Impact
A use‑after‑free flaw exists in Google Chrome’s CSS engine. When the browser parses a specially crafted HTML page, it can corrupt data residing in heap memory. The CVE description states that this corruption could potentially be exploited for malicious purposes. Based on the description, it is inferred that the corruption might provide a vector for arbitrary code execution, though the vendor does not explicitly confirm the full extent of the impact. This weakness is classified as CWE‑416, a deallocated memory access flaw.
Affected Systems
Google Chrome versions prior to 145.0.7632.45 on all supported operating systems (Windows, macOS, Linux) are affected, because the vulnerable CSS engine is shared across platforms.

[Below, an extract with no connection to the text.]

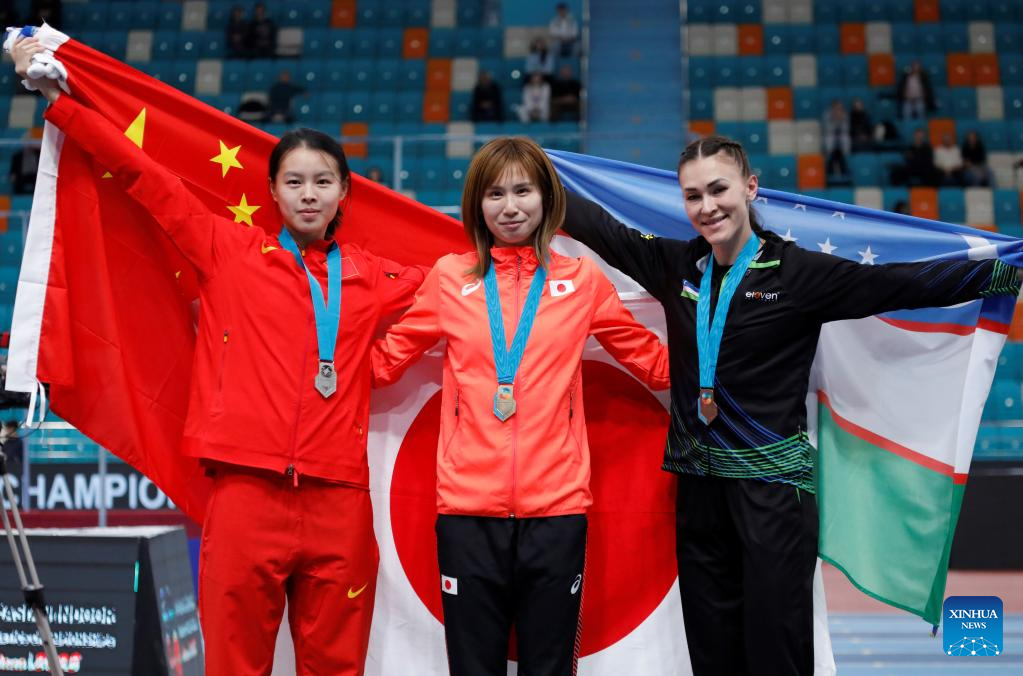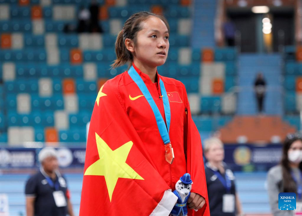Chen Jiamin of China pose during the awarding ceremony after the women's 60M hurdles final at the 10th Asian Indoor Athletics Championships in Astana, Kazakhstan, Feb. 12, 2023. (Photo by Kalizhan Ospanov/Xinhua)

No other vendors or products are reported to be impacted.
Risk and Exploitability
The flaw carries a CVSS score of 8.8, placing it in the high‑severity range, yet the EPSS score is reported as less than one percent, indicating that exploitation is currently considered unlikely. The vulnerability is not listed in the CISA KEV catalog, suggesting no documented public exploitation. A remote attacker would need to entice a user to load a malicious HTML page, which could be accomplished via a compromised or malicious website, social‑engineering, or a phishing link. Once the page is rendered, the use‑after‑free can trigger heap corruption and potentially lead to the inferred execution of malicious code.